This started out as a personal effort to learn more about machine learning. It's currently a CLI app where you give it a JSON file specifying your network architecture and hyperparameters and point it to your training data, then invoke it again in 'eval' mode with some data it's not seen before and it will try to classify each sample.
I don't see many other people using Vulkan for GPGPU, and there may be many good reasons for that, but I wanted to try something a bit different.
I've made every attempt to make the code very clean and readable and I've written up the math in documentation/math.pdf, so hopefully this is a useful learning resource for anyone interested in how neural nets work under the hood.

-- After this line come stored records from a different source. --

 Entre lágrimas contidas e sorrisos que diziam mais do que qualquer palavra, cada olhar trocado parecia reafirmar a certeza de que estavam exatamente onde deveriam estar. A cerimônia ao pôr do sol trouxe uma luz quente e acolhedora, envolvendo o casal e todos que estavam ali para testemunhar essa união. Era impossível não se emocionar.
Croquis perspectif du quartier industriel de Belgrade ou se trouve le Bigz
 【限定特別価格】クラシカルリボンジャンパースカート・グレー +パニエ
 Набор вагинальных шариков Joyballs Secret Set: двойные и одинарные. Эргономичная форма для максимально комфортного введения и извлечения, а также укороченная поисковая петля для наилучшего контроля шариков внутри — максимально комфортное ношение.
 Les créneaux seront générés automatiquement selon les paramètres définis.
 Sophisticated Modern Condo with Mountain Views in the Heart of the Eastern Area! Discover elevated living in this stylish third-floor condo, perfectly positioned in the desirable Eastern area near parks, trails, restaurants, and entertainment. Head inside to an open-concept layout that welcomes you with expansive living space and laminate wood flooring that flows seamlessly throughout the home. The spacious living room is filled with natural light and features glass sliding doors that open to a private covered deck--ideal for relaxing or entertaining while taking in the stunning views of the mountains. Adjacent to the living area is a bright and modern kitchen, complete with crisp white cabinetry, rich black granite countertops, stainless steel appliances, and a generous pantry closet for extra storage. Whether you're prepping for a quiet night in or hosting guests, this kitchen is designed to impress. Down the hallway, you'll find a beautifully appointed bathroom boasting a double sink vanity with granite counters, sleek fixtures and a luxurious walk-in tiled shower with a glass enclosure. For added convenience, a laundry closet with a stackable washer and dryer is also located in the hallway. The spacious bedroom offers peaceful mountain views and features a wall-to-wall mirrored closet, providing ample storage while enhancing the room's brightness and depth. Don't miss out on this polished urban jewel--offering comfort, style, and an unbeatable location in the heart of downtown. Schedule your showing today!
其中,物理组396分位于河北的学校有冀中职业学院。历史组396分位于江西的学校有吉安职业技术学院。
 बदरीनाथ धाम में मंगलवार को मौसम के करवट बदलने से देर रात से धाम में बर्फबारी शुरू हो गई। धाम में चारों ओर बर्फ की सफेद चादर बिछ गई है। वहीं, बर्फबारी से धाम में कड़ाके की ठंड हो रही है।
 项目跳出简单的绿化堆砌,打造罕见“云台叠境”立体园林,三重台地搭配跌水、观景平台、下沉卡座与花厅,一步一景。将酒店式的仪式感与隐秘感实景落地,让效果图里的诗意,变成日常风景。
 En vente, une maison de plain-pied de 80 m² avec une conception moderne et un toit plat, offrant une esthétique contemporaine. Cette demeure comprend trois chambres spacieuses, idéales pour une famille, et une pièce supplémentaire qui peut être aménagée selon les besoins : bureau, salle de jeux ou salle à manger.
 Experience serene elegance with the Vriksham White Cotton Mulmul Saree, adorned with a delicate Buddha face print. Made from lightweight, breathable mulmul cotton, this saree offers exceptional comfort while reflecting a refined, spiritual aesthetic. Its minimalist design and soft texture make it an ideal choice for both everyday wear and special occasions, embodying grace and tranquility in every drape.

I'll be continuing to add new features over the coming months.
> don't see many other people using Vulkan for GPGPU, and there may be many good reasons for that
I think the main of these reasons is nVidia’s contributions to the ecosystem. It’s much easier to call library functions implemented by cuDNN or cuBLAS first-party library, than it is to write and dispatch compute shaders to multiply these matrices.
However, for use cases when hardware costs are substantial compared to software development costs, using Vulkan or D3D can be a reasonable thing to do. nVidia is too greedy, in the EULA of their drivers they forbid to use GeForce GPUs in data centres. For people who need GPGPU on their servers, that paragraph of text sometimes makes nVidia hardware an order of magnitude more expensive than AMD hardware.